Linda was able to make significant improvements to each horse/rider combo through her suggestions.  They were exact, timely, and very impressive to listen and watch the change occur.  Every great thing I had heard about Linda going into that afternoon was validated, and I really just enjoyed hearing her opinions.  I hope to ride with her one day as well, just for the experience and the input. 

Key points:
- Horse supples through the shoulder
- Ride the hind leg up to the opposite front leg (inside hind to outside front) to create the swing, throughness and connection
- Horse's energy should be up and through the outside shoulder, gently filling the outside rein
-  Ride through the inside and ride off the outside rein

I also found it interesting that she specifically said that it's good for dressage horses to spend a year or two as a quality hunter (with proper training) because a good hunter is allowed to come forward and go longer and lower, and the horse "learns to use himself longitudinally."  Meaning, and as she elaborated on, horses need to "start long and low, and you bring them up over time."  It is so nice to hear someone of her caliber support that theory. 
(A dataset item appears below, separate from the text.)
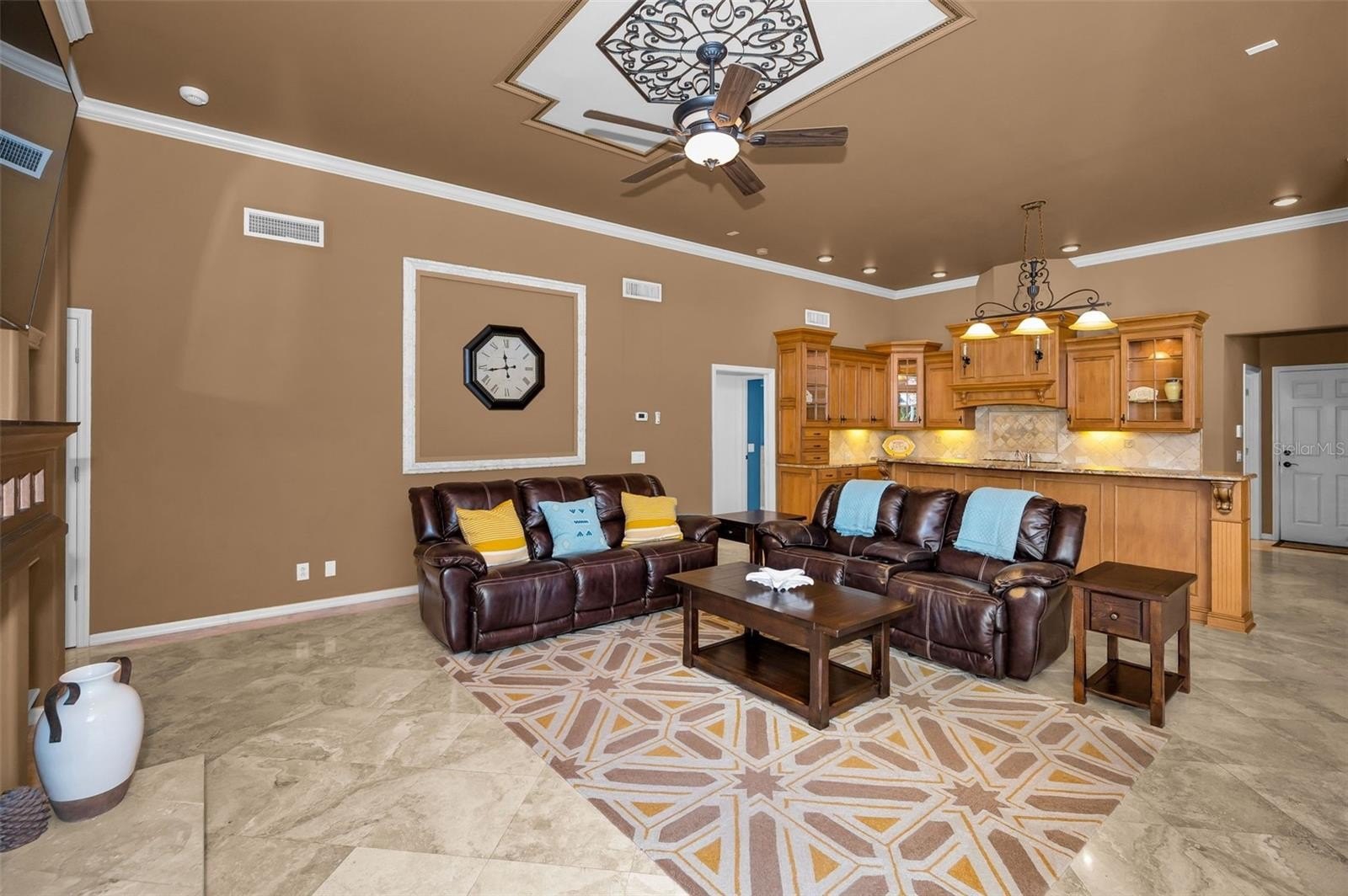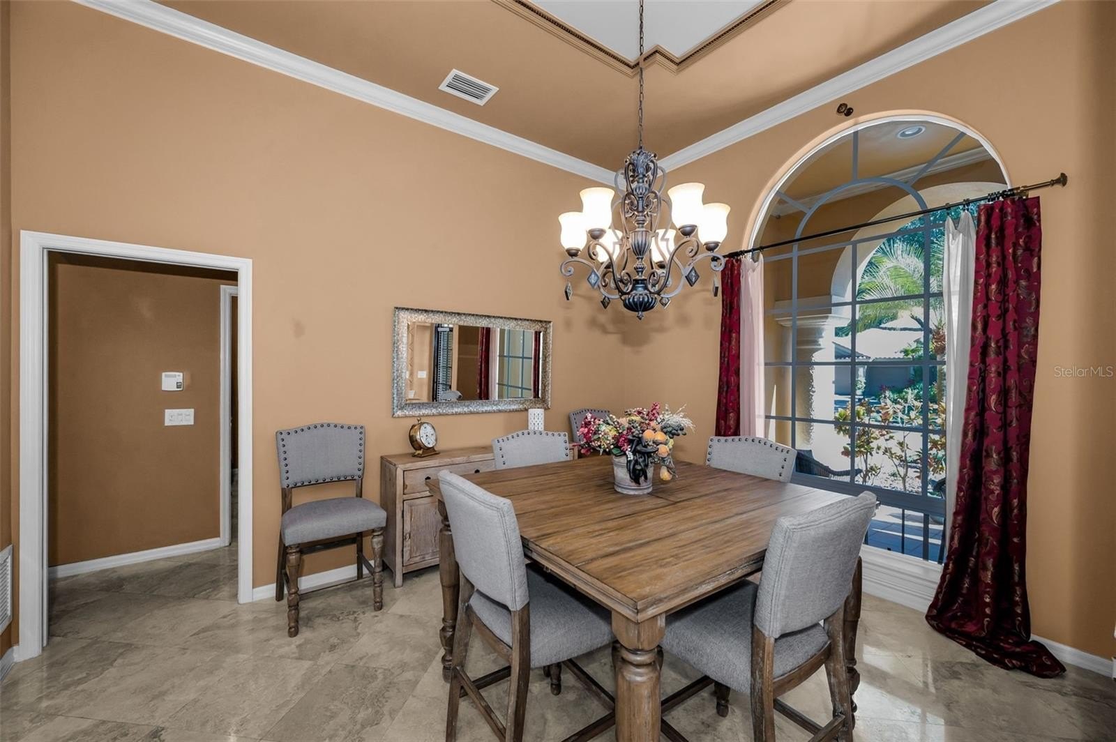 Step inside to find travertine tile flooring throughout entire home, and crown molding gracing most of the home. The formal living and dining rooms have generous space for entertaining and open directly to the pool and lanai, perfect for Florida-style indoor-outdoor living. The gourmet kitchen overlooks the family room with a gas fireplace and built-in shelving and boasts a 6-burner Viking gas self-cleaning range, bar-height breakfast bar, and eat-in nook—ideal for casual meals or gatherings.

Interview with Linda Zang about assisting Eventers:

Great demo from the 2014 Thoroughbreds For All! event at Rolex Kentucky, where you can see a big change in the horse's way of going from start to finish per Linda's comments:

^ GREAT points in that video!

We were also fed cupcakes which made that just the most fantastic afternoon ever.  I look forward to attending more and learning all that I can from Linda.  Also, I'd be happy to return to that private farm because it was CRAZY GORGEOUS and the owners are incredibly fortunate to have such a property, their effort in planning and building is evident.  Seriously it was wonderful.